= EXERCISE GOAL =
Reproduce word for word, from the entries below, the line with "Bean Bag Toss x2", the line with "Figure 1. 'Edward Goucher' glossy abelia.", and every line between them, and nothing more.

Records drawn from a dataset:
-----
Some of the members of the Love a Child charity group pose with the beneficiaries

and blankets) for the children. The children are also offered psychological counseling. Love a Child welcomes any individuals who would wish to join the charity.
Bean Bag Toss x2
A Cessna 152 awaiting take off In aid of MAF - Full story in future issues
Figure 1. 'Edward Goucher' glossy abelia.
-----
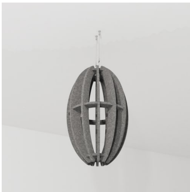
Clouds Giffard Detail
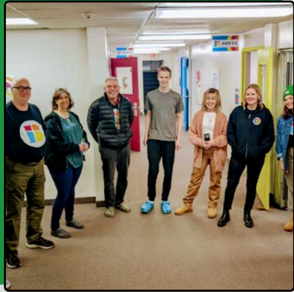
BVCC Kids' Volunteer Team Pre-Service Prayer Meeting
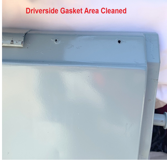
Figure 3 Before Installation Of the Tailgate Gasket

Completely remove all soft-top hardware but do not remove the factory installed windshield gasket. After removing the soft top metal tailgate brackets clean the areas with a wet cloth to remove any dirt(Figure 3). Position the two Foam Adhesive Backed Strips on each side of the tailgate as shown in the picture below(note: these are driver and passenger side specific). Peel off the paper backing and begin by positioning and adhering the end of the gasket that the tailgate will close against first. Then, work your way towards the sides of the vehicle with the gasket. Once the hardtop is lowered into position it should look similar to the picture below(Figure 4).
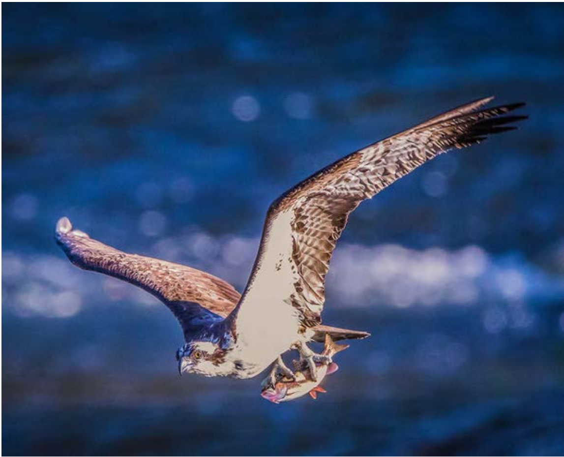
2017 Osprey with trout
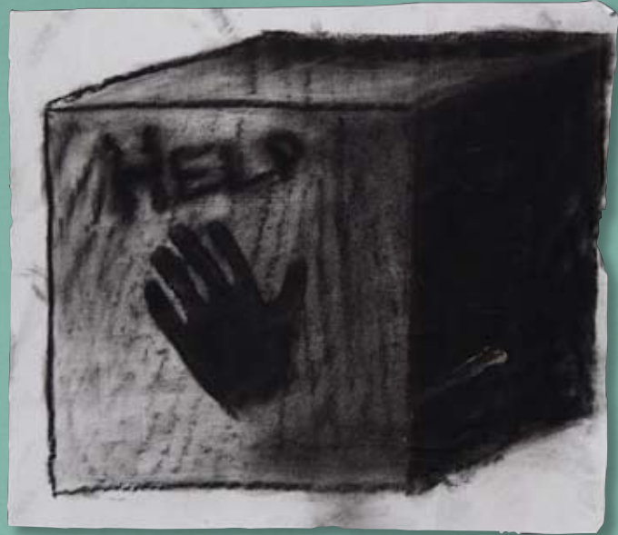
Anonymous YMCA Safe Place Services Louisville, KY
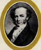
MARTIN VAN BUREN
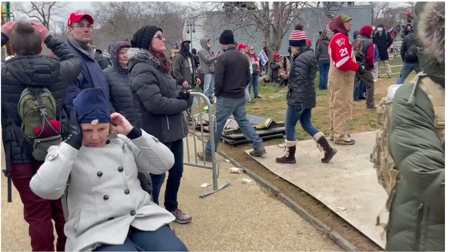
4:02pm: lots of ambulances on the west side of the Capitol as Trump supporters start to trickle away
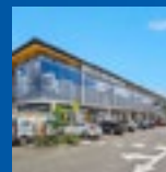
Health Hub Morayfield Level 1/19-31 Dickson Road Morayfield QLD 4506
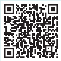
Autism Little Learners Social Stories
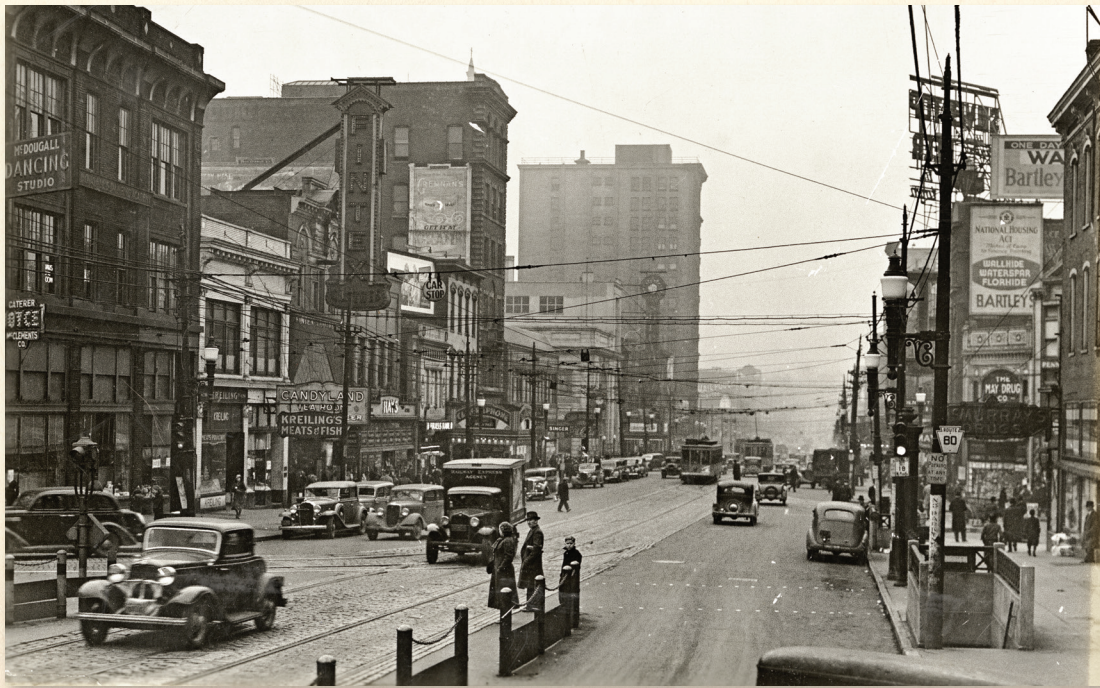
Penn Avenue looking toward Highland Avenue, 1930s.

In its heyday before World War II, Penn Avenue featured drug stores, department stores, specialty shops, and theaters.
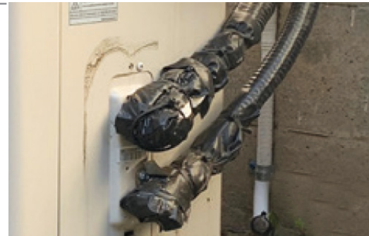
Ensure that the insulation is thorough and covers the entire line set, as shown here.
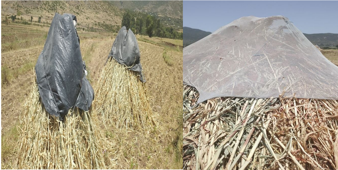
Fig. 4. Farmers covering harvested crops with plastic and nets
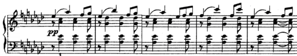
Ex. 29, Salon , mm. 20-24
-----
= ANSWER AREA =
Bean Bag Toss x2
A Cessna 152 awaiting take off In aid of MAF - Full story in future issues
Figure 1. 'Edward Goucher' glossy abelia.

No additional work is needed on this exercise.